2. Permissions are honest

In a Mode 1 chat, the vendor's backend hits the LLM with whatever context it needs. The user has no idea what was sent. Mode 2 makes the data transfer explicit: the AI client tells the user "I want to call search_entities", the user approves (or auto-approves), and the data flows. Audit trail at the tool-call level. No mysterious prompt leakage.

3. Multi-tenant isolation works

Because we don't pass tenant data into a shared LLM session pool, we don't have to worry about prompt-injection cross-tenant leakage. Every MCP request is signed with a tenant-scoped OAuth token. Every database query is wrapped in a SET LOCAL app.tenant_id transaction. Row-level security in Postgres catches anything that slipped through. The customer literally cannot see another tenant's data, even if they wanted to.

4. The data layer is the moat

Mode 1 vendors compete on UX polish and prompt tuning. Mode 2 vendors compete on the quality, structure, and durability of the data they expose. Our entire product investment is in the 5-layer ontology, the AI-guided intake, the revision history, the permissions model. The customer's AI keeps getting smarter (model providers will see to that); our job is to keep giving it better material to work with.

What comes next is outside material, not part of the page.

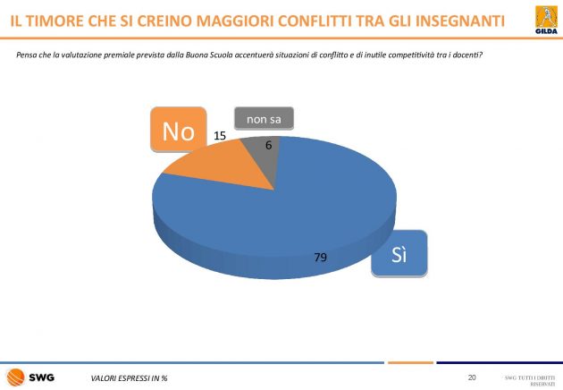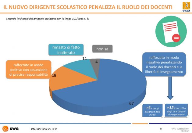 Ma dalla chiamata diretta alla valutazione, passando per il super-preside, praticamente tutti i punti principali su cui si articola la riforma vengono bocciati. Persino il bonus di merito, che in teoria dovrebbe tradursi in un aumento in busta paga per i docenti (almeno per i più bravi di essi): il 67%, però, non condivide questa forma di premio, e addirittura il 79% è certo che causerà “situazioni di conflitto e di inutile competitività” all’interno delle scuole. Ovviamente negativo il giudizio sul “super-preside”, una delle figure più temute e contestate della riforma: per il 67% il ruolo del dirigente scolastico si è rafforzato pericolosamente e penalizzerà i docenti.

5. We don't lose customers when a new AI ships

The day a new frontier model drops, our customers can switch their AI subscription and KlyHub still works exactly the same. We're not betting on any particular model winning. We're betting on "structured context for AIs" being a permanent need regardless of which AI is winning this quarter.

What we give up

Mode 2 isn't free. We lose three things:

The chat UX moment. When a competitor demoes their slick chat, we show MCP wiring. It's less viscerally impressive at first glance. We trade it for compounding context value.
The inference margin. Some vendors will subsidize early customers by taking a loss on inference. We can't match that with cash; we have to match it with product depth.
The "all in one app" pitch. Customers using KlyHub are going to spend most of their time in someone else's UI. We have to be okay with being a back-end service that quietly improves their existing tools.

Why this matters now

The MCP standard makes Mode 2 viable. Without it, the only way to give an AI client your data was to copy-paste, upload-file, or build a one-off integration per client. With MCP, one server reaches all major clients. The unit economics of building a Mode 2 product changed in late 2025; we're shipping the playbook that change unlocked.

If you're building anything in the AI space, the Mode 1 / Mode 2 fork is the strategic decision that matters most. Picking right shapes the next decade of your business.